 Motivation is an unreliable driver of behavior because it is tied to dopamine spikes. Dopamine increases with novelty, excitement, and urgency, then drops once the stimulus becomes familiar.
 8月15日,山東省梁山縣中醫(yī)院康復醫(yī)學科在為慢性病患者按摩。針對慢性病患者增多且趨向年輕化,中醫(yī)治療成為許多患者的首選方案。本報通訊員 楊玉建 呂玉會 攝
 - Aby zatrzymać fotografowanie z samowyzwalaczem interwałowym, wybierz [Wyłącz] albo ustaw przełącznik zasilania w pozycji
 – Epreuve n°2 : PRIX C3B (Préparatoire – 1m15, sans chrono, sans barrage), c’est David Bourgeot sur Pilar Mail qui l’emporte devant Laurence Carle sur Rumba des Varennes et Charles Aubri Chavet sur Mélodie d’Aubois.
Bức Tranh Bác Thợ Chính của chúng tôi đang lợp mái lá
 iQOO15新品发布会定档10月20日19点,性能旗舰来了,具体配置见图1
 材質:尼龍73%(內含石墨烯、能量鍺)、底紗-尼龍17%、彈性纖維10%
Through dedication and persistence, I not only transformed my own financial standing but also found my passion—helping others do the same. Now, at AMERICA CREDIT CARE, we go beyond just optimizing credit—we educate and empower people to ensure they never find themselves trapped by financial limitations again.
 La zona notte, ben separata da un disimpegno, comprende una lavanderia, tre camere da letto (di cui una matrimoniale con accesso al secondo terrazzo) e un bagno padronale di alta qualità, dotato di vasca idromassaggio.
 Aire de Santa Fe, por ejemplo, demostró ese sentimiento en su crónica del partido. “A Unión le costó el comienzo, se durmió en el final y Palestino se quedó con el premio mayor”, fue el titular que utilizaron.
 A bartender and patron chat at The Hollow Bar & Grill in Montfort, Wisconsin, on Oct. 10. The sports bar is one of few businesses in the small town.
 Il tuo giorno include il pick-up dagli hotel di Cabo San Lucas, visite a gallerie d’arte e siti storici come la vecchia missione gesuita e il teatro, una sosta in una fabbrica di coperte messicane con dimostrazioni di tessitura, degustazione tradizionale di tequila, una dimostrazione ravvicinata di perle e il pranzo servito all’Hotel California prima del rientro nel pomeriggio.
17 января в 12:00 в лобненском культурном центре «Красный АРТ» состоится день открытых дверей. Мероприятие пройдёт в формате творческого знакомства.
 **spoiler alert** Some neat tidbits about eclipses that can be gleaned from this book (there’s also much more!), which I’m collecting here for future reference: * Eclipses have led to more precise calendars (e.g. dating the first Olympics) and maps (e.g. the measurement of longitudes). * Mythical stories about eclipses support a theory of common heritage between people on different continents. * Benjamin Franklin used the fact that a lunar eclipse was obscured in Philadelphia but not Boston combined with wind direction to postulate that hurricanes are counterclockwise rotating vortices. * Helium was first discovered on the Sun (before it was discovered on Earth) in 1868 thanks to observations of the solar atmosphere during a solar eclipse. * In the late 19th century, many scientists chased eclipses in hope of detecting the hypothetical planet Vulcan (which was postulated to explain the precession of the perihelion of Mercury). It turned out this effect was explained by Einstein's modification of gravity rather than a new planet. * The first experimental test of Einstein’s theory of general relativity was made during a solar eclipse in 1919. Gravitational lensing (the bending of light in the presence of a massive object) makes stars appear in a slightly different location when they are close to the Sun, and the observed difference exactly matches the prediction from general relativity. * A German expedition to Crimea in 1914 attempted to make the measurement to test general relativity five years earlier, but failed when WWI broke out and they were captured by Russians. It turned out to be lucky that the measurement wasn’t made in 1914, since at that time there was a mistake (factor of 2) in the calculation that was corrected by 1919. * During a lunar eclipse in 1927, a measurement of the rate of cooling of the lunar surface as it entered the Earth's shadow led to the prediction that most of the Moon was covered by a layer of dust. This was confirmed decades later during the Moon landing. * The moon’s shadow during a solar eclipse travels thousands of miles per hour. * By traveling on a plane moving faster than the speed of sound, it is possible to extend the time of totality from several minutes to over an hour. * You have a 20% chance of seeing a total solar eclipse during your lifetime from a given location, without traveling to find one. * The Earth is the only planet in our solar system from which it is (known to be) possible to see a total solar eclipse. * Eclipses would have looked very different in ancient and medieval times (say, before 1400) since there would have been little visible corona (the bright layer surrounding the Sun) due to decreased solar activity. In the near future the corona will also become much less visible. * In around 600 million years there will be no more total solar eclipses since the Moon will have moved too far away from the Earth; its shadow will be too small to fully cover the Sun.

□ □ □ □ □

Problem description
Give an exact copy of the lines above, from the top of the records to the line that contains "Aire de Santa", taking in both ends.

Answer space
 Motivation is an unreliable driver of behavior because it is tied to dopamine spikes. Dopamine increases with novelty, excitement, and urgency, then drops once the stimulus becomes familiar.
 8月15日,山東省梁山縣中醫(yī)院康復醫(yī)學科在為慢性病患者按摩。針對慢性病患者增多且趨向年輕化,中醫(yī)治療成為許多患者的首選方案。本報通訊員 楊玉建 呂玉會 攝
 - Aby zatrzymać fotografowanie z samowyzwalaczem interwałowym, wybierz [Wyłącz] albo ustaw przełącznik zasilania w pozycji
 – Epreuve n°2 : PRIX C3B (Préparatoire – 1m15, sans chrono, sans barrage), c’est David Bourgeot sur Pilar Mail qui l’emporte devant Laurence Carle sur Rumba des Varennes et Charles Aubri Chavet sur Mélodie d’Aubois.
Bức Tranh Bác Thợ Chính của chúng tôi đang lợp mái lá
 iQOO15新品发布会定档10月20日19点,性能旗舰来了,具体配置见图1
 材質:尼龍73%(內含石墨烯、能量鍺)、底紗-尼龍17%、彈性纖維10%
Through dedication and persistence, I not only transformed my own financial standing but also found my passion—helping others do the same. Now, at AMERICA CREDIT CARE, we go beyond just optimizing credit—we educate and empower people to ensure they never find themselves trapped by financial limitations again.
 La zona notte, ben separata da un disimpegno, comprende una lavanderia, tre camere da letto (di cui una matrimoniale con accesso al secondo terrazzo) e un bagno padronale di alta qualità, dotato di vasca idromassaggio.
 Aire de Santa Fe, por ejemplo, demostró ese sentimiento en su crónica del partido. “A Unión le costó el comienzo, se durmió en el final y Palestino se quedó con el premio mayor”, fue el titular que utilizaron.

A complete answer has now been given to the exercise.